One of my shortcomings (there are so many) as a YouTube content maker is my camera work. It has never been steady and I have fallen over a tripod at least three time in the shop, so I decided to make a ceiling-mounted camera dolly to keep things out of the way and to give me both steady shots and the ability to pan/tilt/zoom with without much fuss at all.
I doodled in my sketch book for a while and used UniStrut and UniStrut trolleys as the core of the mechanism, then took 9 months off before getting the bulk of the work done.

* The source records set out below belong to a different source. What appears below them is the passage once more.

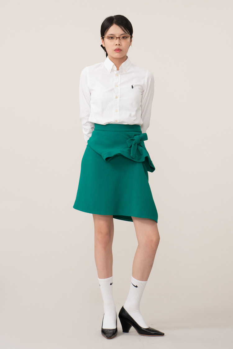 안쪽에서 바깥으로 관통하는 두 개의 끈으로 연출된 리본 디테일과 눈에 띄는 차분한 네온 컬러, 볼륨감이 느껴지는 실루엣에서 마르니의 러블리한 감성이 묻어나네요.
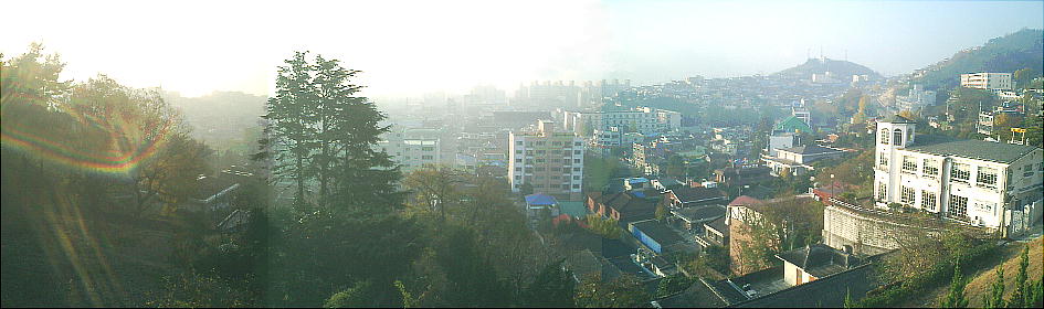 儒達山から眺める木浦市街。「日本の町ににてるでしょ。」と朴さん。
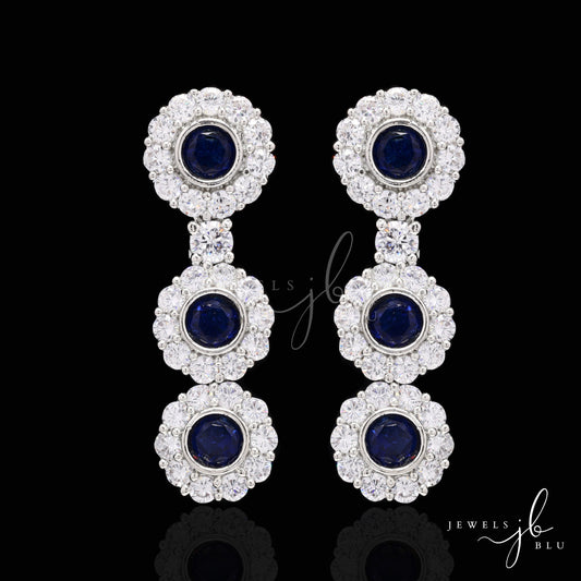 Blue Sapphire and Diamond Premium Party Choker Necklace Set with Earrings
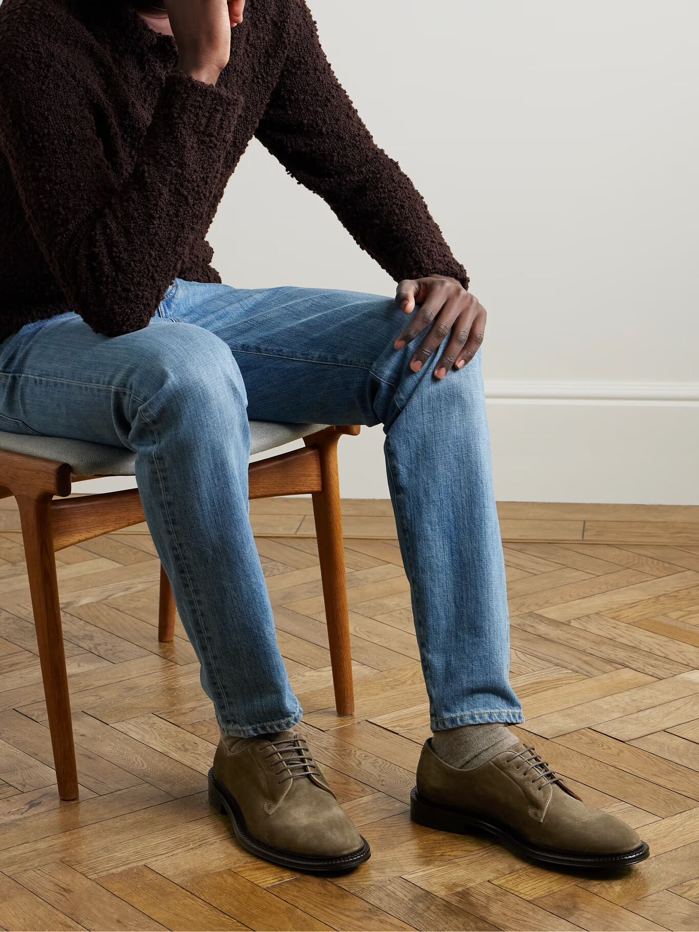 СОЗДАНО Г-НОМ ПОРТЕРОМ. Туфли дерби «Люсьен» г-на П. изготовлены в Португалии из супермягкой замши. Подошвы и подкладки будут становиться еще более гибкими по мере носки.
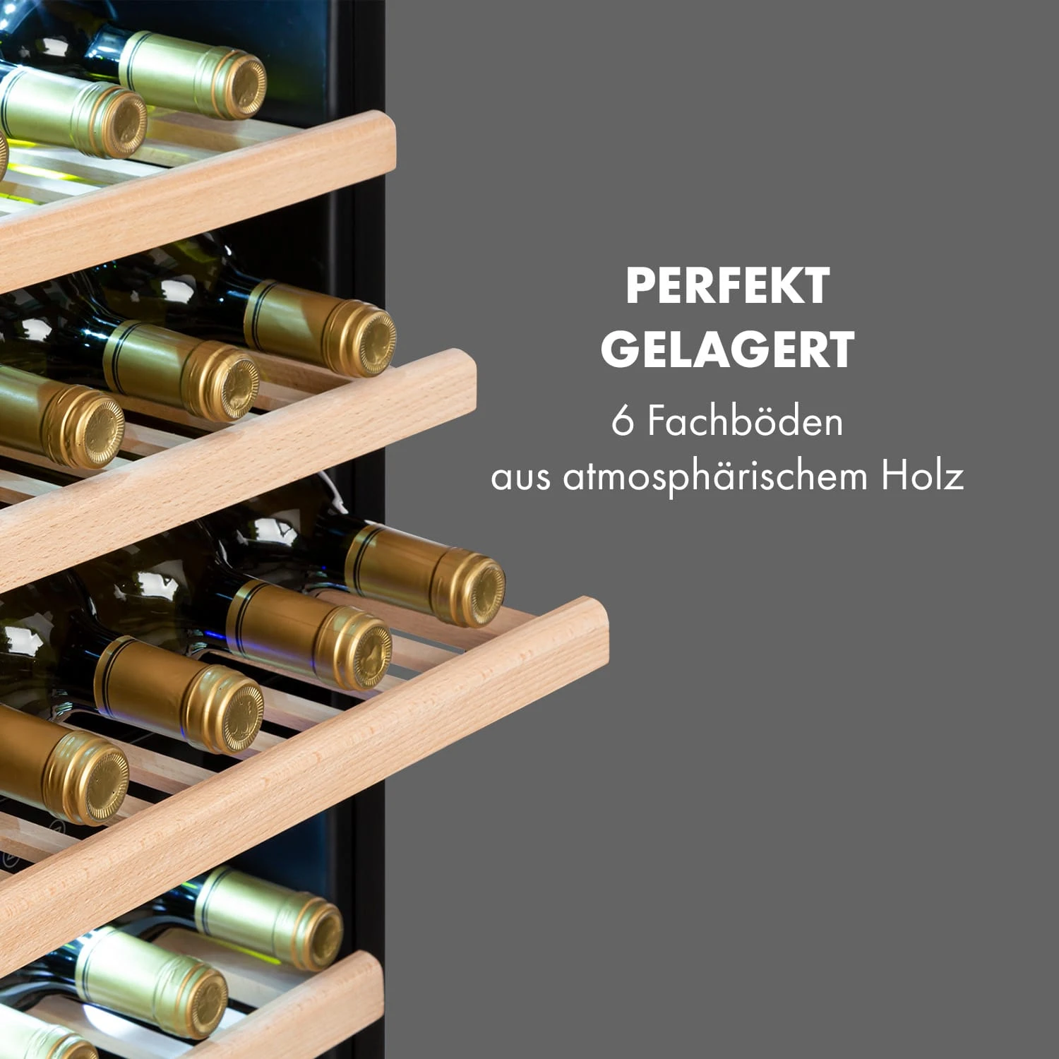 Auf 3 Holzböden bietet der Klarstein Vinsider 41D Built-In Duo Weinkühlschrank Platz für 41 Flaschen Wein. Er bietet nicht nur optimale Lagerbedingungen, sondern setzt die Flaschen auch noch gekonnt in Szene. So kannst du deine edlen Weinvorräte beleuchten und durch die Glastür raffiniert inszenieren. Durch die zwei unterschiedlich temperierbaren Kühlzonen kannst du weiße und rote Weine gleichzeitig kühlen. Das intuitive Touch-Display mit digitaler Anzeige bietet dir dabei eine sehr komfortable Bedienung.
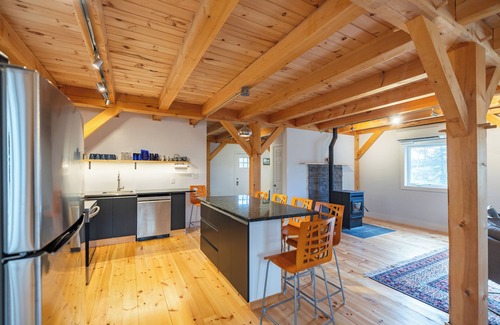 Cozy mountain timber frame chalet situated in a quiet, private location in Bethel, ME. Enjoy mountain views Sunday River ski trails to the west. Property highlights include spacious open floor plan, cathedral ceilings, and a fireplace pellet stove. Walk across the road to access Carter’s XC Ski Resort for cross-country skiing and snowshoeing trails. 5 min. drive to Bethel Village and the Inland Woods and Trails XC ski and mountain biking trail network, and 15 minutes to Sunday River Ski Resort.
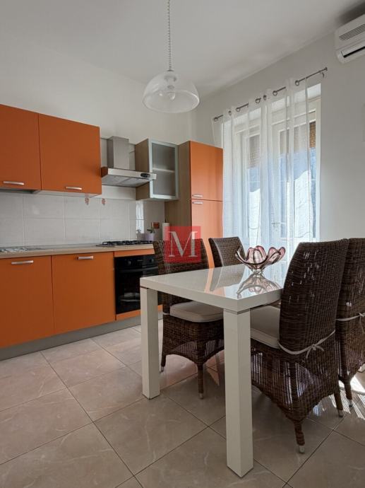 Stan je kompletno renoviran te se sastoji se od hodnika, kuhinje sa blagovaonicom, ostave, dvije spavaće sobe, prostranog dnevnog boravka, kupaonice i odvojenog WC-a te malog balkona.
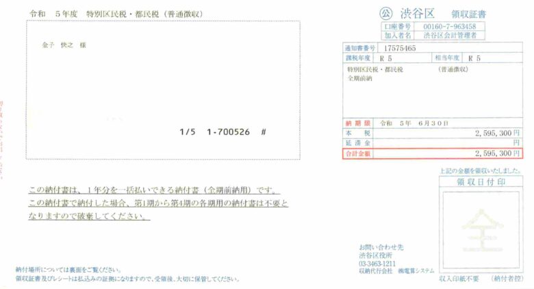 渋谷区から引っ越したあとも、区役所から驚くほどの住民税請求書が届きました。

The dolly body is made of 3/4 birch plywood. I designed it in the “rocket esthetic” in AutoCAD and then transferred the drawings to the free web-based version of Easel before cutting the main body pieces on the X-Carve. All the other parts were cut in the shop on conventional saws and all the hardware was sourced at Home Depot – except the UniStrut trolleys and hangers which came from McMaster-Carr. The trolleys were actually free for me as there were recycled at work after a building project was completed and I asked if I could have them. They sat in my basement for a year before I had the idea to use them for this project.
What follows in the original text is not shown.